If you put Chronicle into the alternative super-hero genre, this is one of the best ones that's been made to date. If you classify it as a "found footage" flick, I'd only put it behind the verisimilitude of The Blair Witch Project and the inspired filmmaking of Video X. You should definitely watch it that is, if you can keep a clear head and a calm stomach.

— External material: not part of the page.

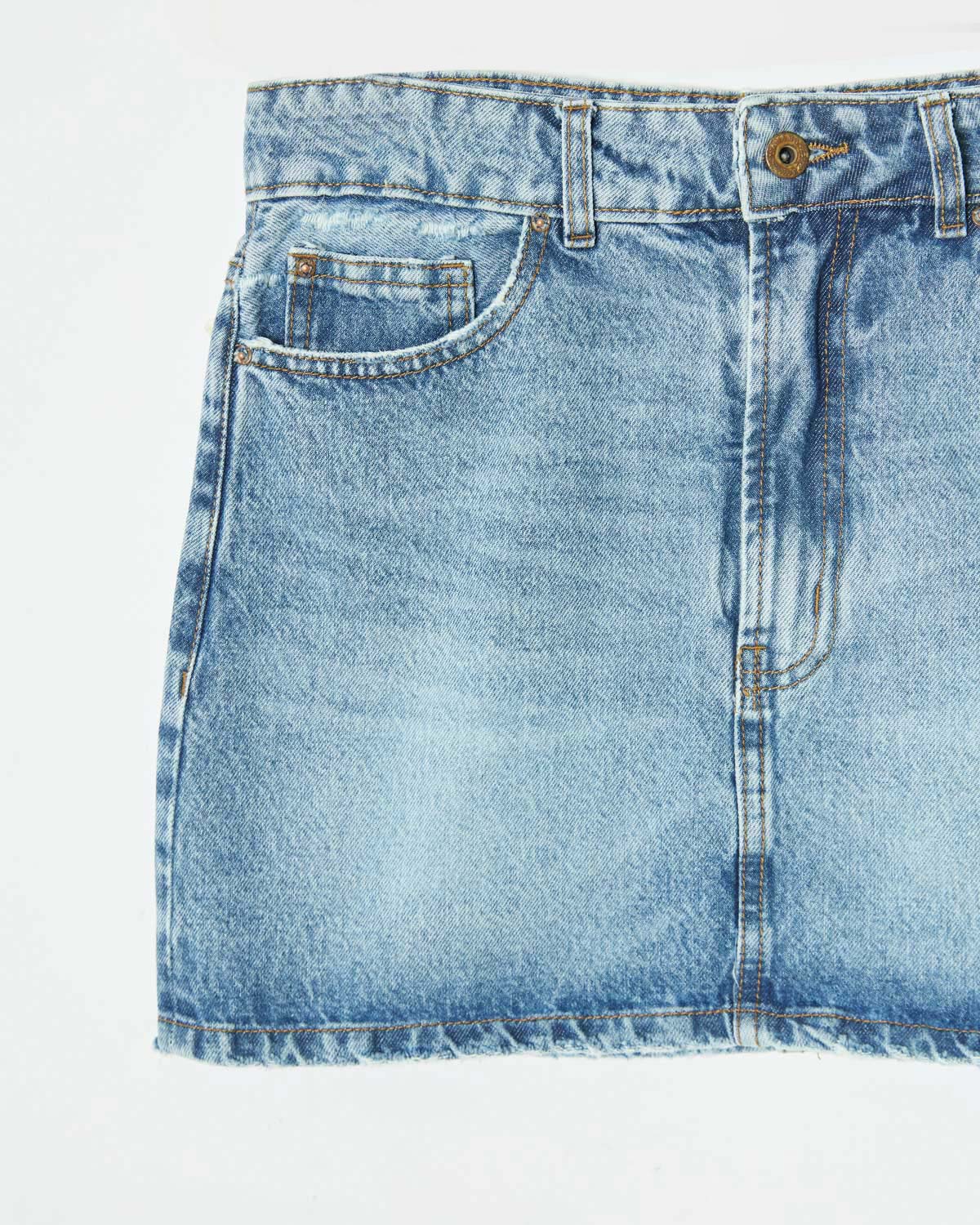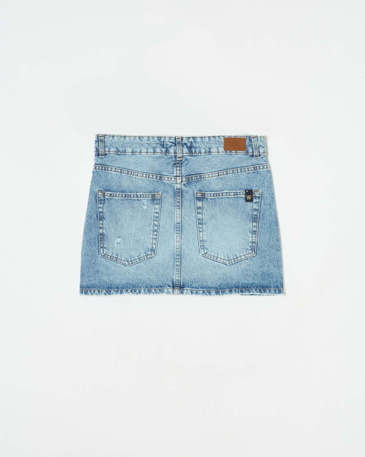 POLLERA MINI DE JEAN CON LOOK USED MID LIGHT BLUE Y DESGASTADOS EN RUEDO Y DELANTERO.

Three of the dumbest teenagers on planet Earth (and that's amongst fierce competition at their high school) acquire powers that far from turning them into super heroes, turns them in to ultra dumb fatheads with incredible super powers, who apart from shouting and whooping at each other (do all American kids truly behave like that? It's exhausting) at every given opportunity, spend an in ordinate amount of the picture spouting banal dialogue (12 year olds would get it perhaps) and being completely thick. I know when we're young we're unworldly and naive and given to making rash judgements and poor decisions, but these guys get the award stereotypical teen movie morons. Of course its in the script - if indeed there was one for much of the dialogue seemed off the cuff and spontaneous. The three principles are really good at their craft, working with what was a clichéd portrait of American schools and teens. Yuh know, the school bullies, the cheer leaders, the party animals right down to the local neighbourhood thugs in Andrew's (one of the three boys and principal characters) Piney leafy neighbourhood, albeit a neighbourhood that's distressed and low rent. I got very frustrated by the illogical and banal dialogue and just couldn't see how the three boys could continue to be around each other as they spent a lot of time at loggerheads and being macho (Yawn!) with each other. As long as you're not looking for any intellectual approach to the script this will satisfy those who have been missing Superman lately and in fact at times it put me in mind of one of the early Superman movies with Christopher Reeve. Its Schlock as far as I'm concerned, but kids will probably identify with it.... sadly! Good performances from Alex Russell and Michael B Jordan and a truly terrifying performance from Michael Kelly as Andrew's drunken sadistic father.